Leaving out all pictures, repeat exactly the lines from the one that holds "图2:(a) 3D Ge/Gr电极制备过程示意图;(b)" to the last line of the entries below.

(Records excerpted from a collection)
____________
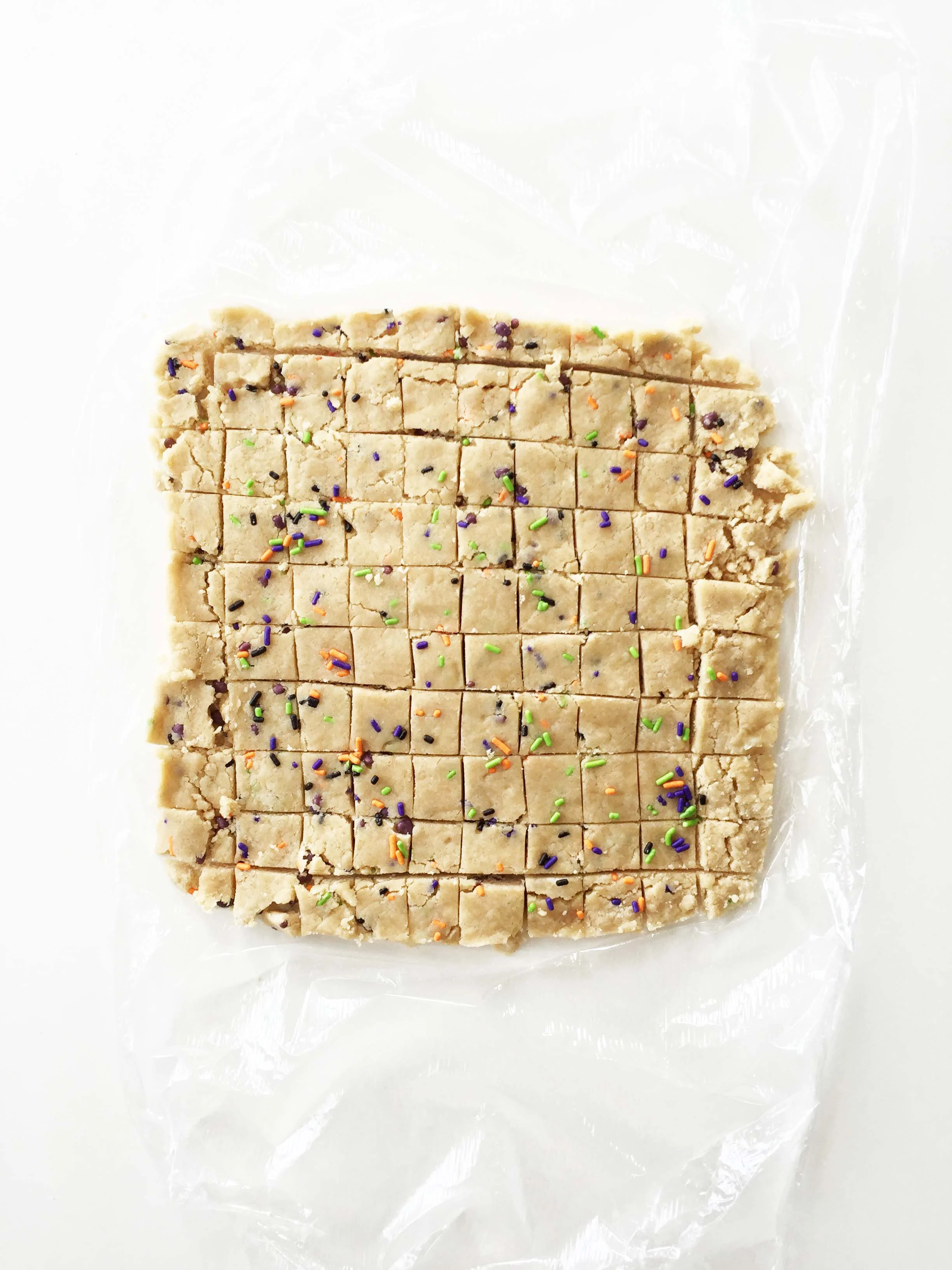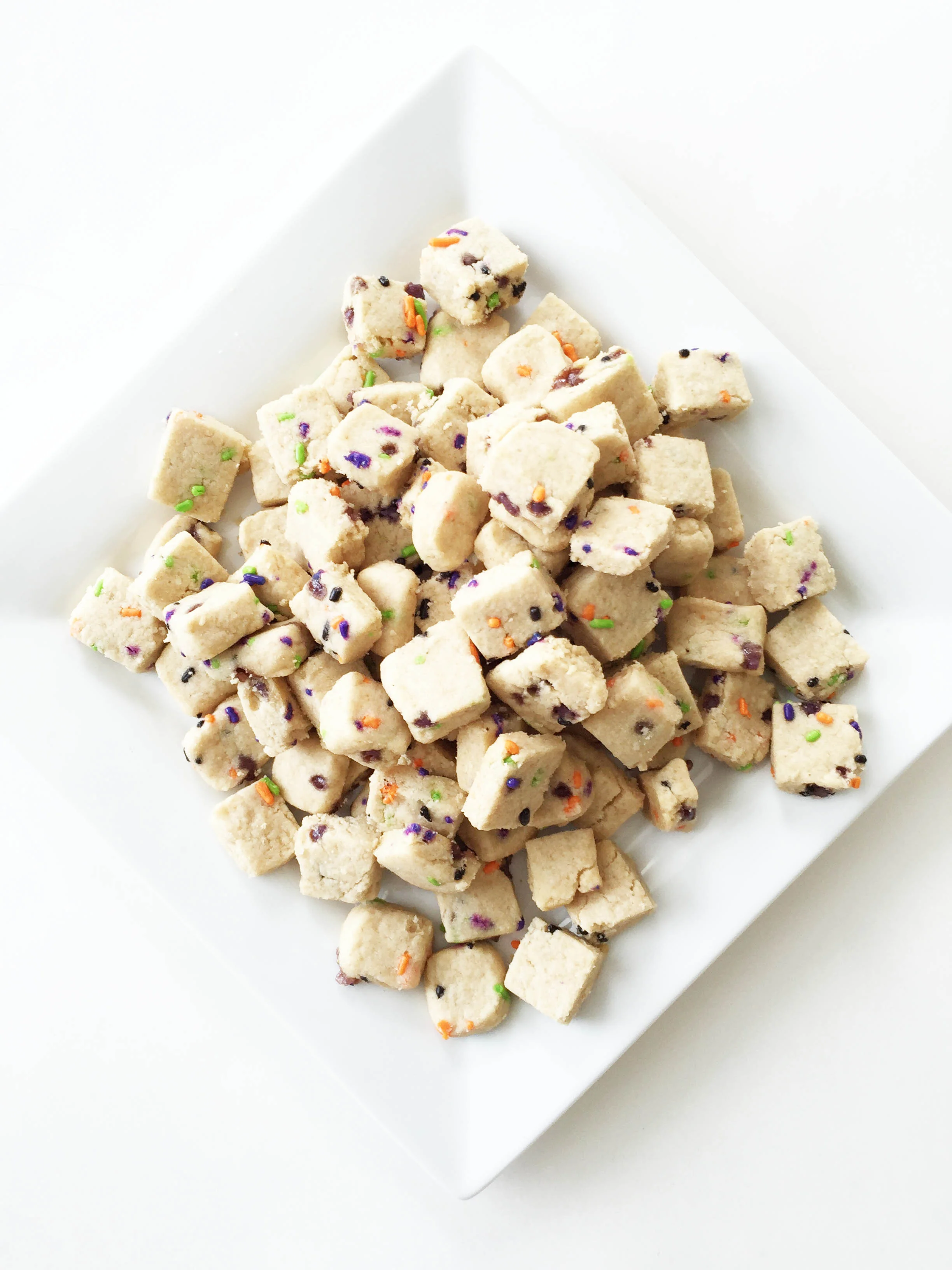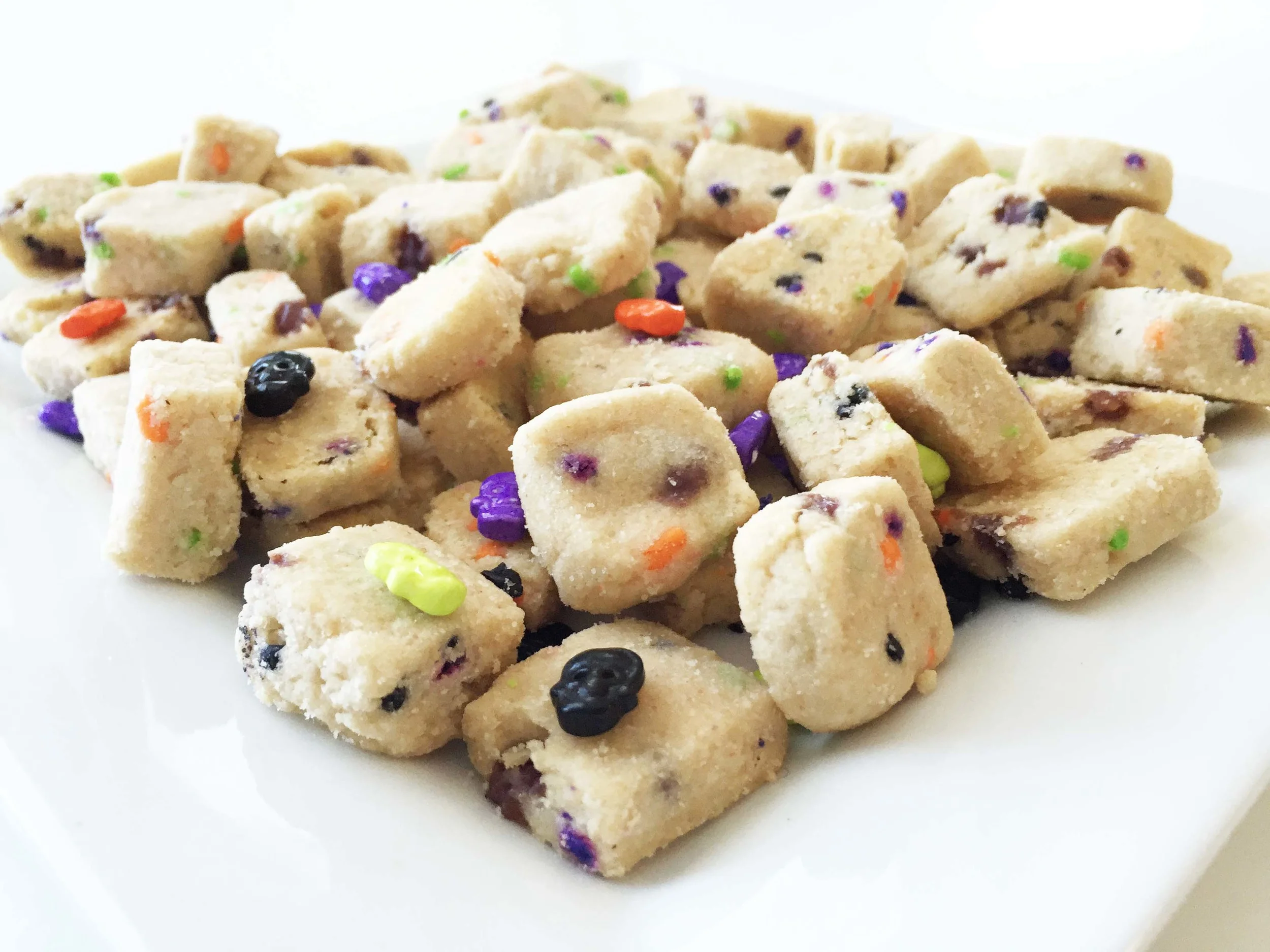 Sugar skulls and their bright beautiful colors were my inspiration for these fun little Boo Bite cookies! To keep with the sugar skull colors, I used festive sprinkles and some NERDS®. I really love the addition of the NERDS® candy since they added a little pop of tang and flavor among the otherwise soft and subtle shortbread style cookies.
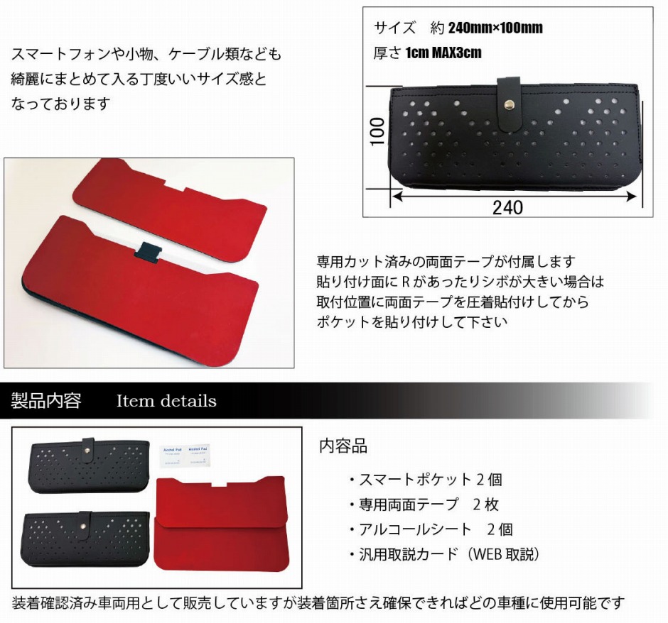 | ・スマートポケット×2 ・両面テープ×2 ・アルコールシート×2 ・取説カード(WEB取説) |
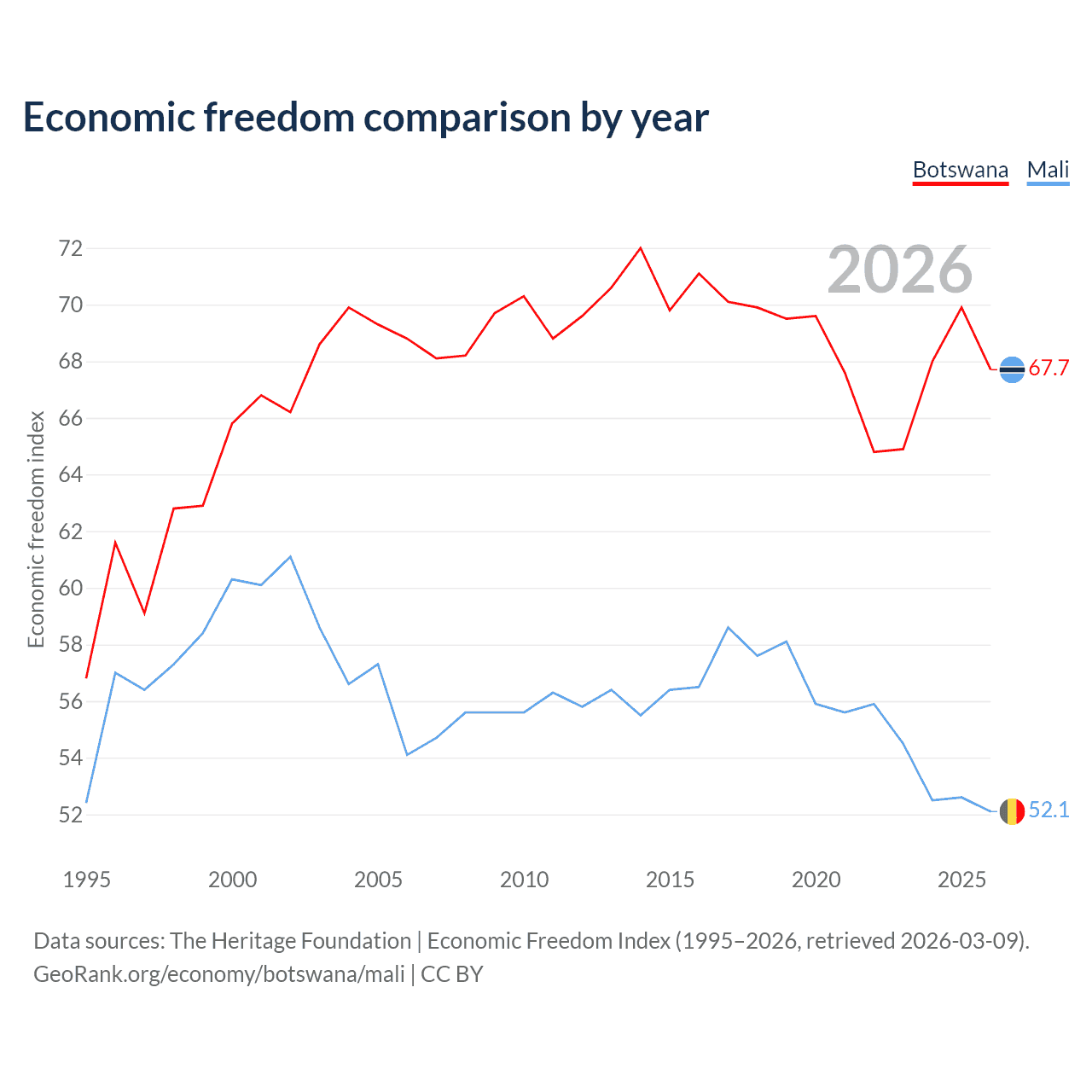 The Economic Freedom Index for Botswana is 67.7, ranking 53/197, compared to 52.1 for Mali, ranking 150/197. The chart above displays a comparison of annual changes in economic freedom indexes.
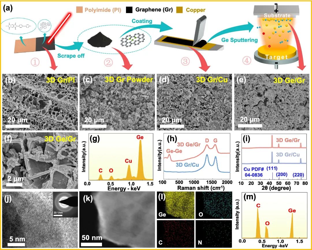 图2:(a) 3D Ge/Gr电极制备过程示意图;(b) 3D Gr/PI;(c) 3D Gr粉末;(d) 3D Gr/Cu集流体;(e-f) 3D Ge/Gr阳极;(g) EDS图案;(h) 3D Ge/Gr阳极和3D Gr/Cu集流体的拉曼光谱;(i) 3D Ge/Gr阳极和3D Gr/Cu集流体的XRD结果;(j) 3D Ge/Gr阳极的HRTEM图像,插图对应SAED图案;(k) 暗场TEM图像;(l) 元素分布图;(m) 3D Ge/Gr阳极的EDS光谱。
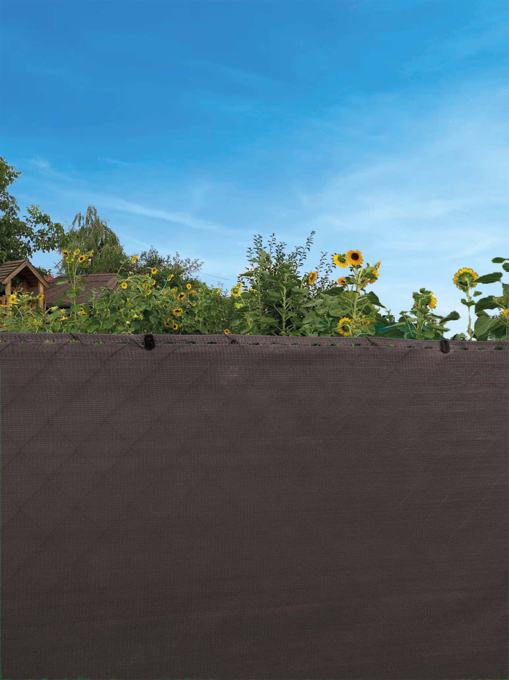 Recynet szőtt árnyékoló háló gomblyukakkal, 1,5 m x 10 m, barna
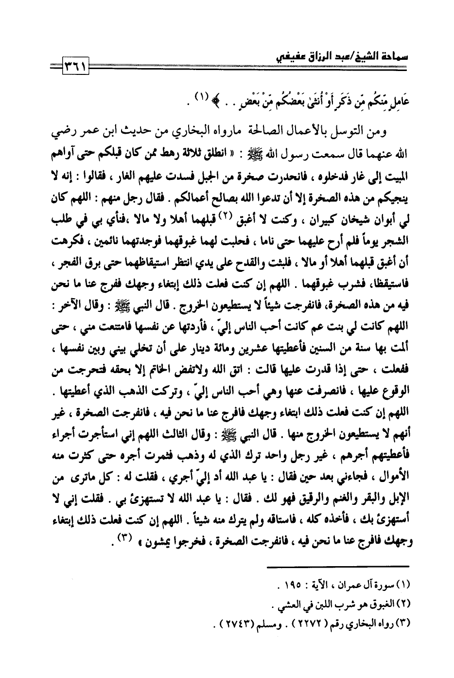 كتاب فتاوى ورسائل سماحة الشيخ عبد الرزاق عفيفي - قسم العقيدة
____________
**Answer box**
 图2:(a) 3D Ge/Gr电极制备过程示意图;(b) 3D Gr/PI;(c) 3D Gr粉末;(d) 3D Gr/Cu集流体;(e-f) 3D Ge/Gr阳极;(g) EDS图案;(h) 3D Ge/Gr阳极和3D Gr/Cu集流体的拉曼光谱;(i) 3D Ge/Gr阳极和3D Gr/Cu集流体的XRD结果;(j) 3D Ge/Gr阳极的HRTEM图像,插图对应SAED图案;(k) 暗场TEM图像;(l) 元素分布图;(m) 3D Ge/Gr阳极的EDS光谱。
 Recynet szőtt árnyékoló háló gomblyukakkal, 1,5 m x 10 m, barna
 كتاب فتاوى ورسائل سماحة الشيخ عبد الرزاق عفيفي - قسم العقيدة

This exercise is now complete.